■ Requirement
Repeat each line of the material below exactly as it appears, minus any pictures.

■ Stored data

<<<<

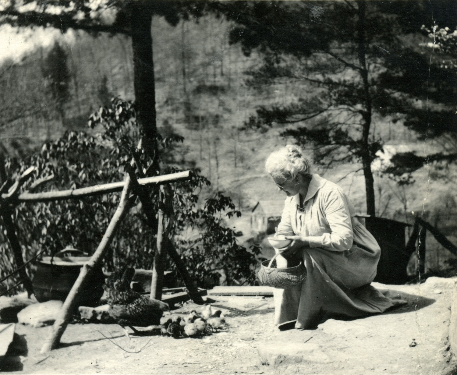 Harriet Butler feeding chicken and chicks at iron pot cooker at Medical Settlement, Big Laurel. X_099_workers_2497_mod.jpg
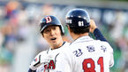 [OSEN=잠실, 지형준 기자] 23일 오후 서울 잠실구장에서 열린 '2015 타이어뱅크 KBO리그' 두산 베어스와 SK 와이번스의 경기, 7회말 무사 1,2루에서 두산 정수빈이 1타점 적시2루타를 날리고 기뻐하고 있다. SK는 채병룡이 선발로 나섰
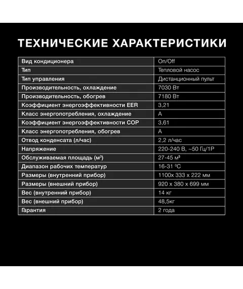 | Режимы работы | охлаждение/обогрев/осушение/вентиляция |

>>>>

■ Answer section
 Harriet Butler feeding chicken and chicks at iron pot cooker at Medical Settlement, Big Laurel. X_099_workers_2497_mod.jpg
 [OSEN=잠실, 지형준 기자] 23일 오후 서울 잠실구장에서 열린 '2015 타이어뱅크 KBO리그' 두산 베어스와 SK 와이번스의 경기, 7회말 무사 1,2루에서 두산 정수빈이 1타점 적시2루타를 날리고 기뻐하고 있다. SK는 채병룡이 선발로 나섰
 | Режимы работы | охлаждение/обогрев/осушение/вентиляция |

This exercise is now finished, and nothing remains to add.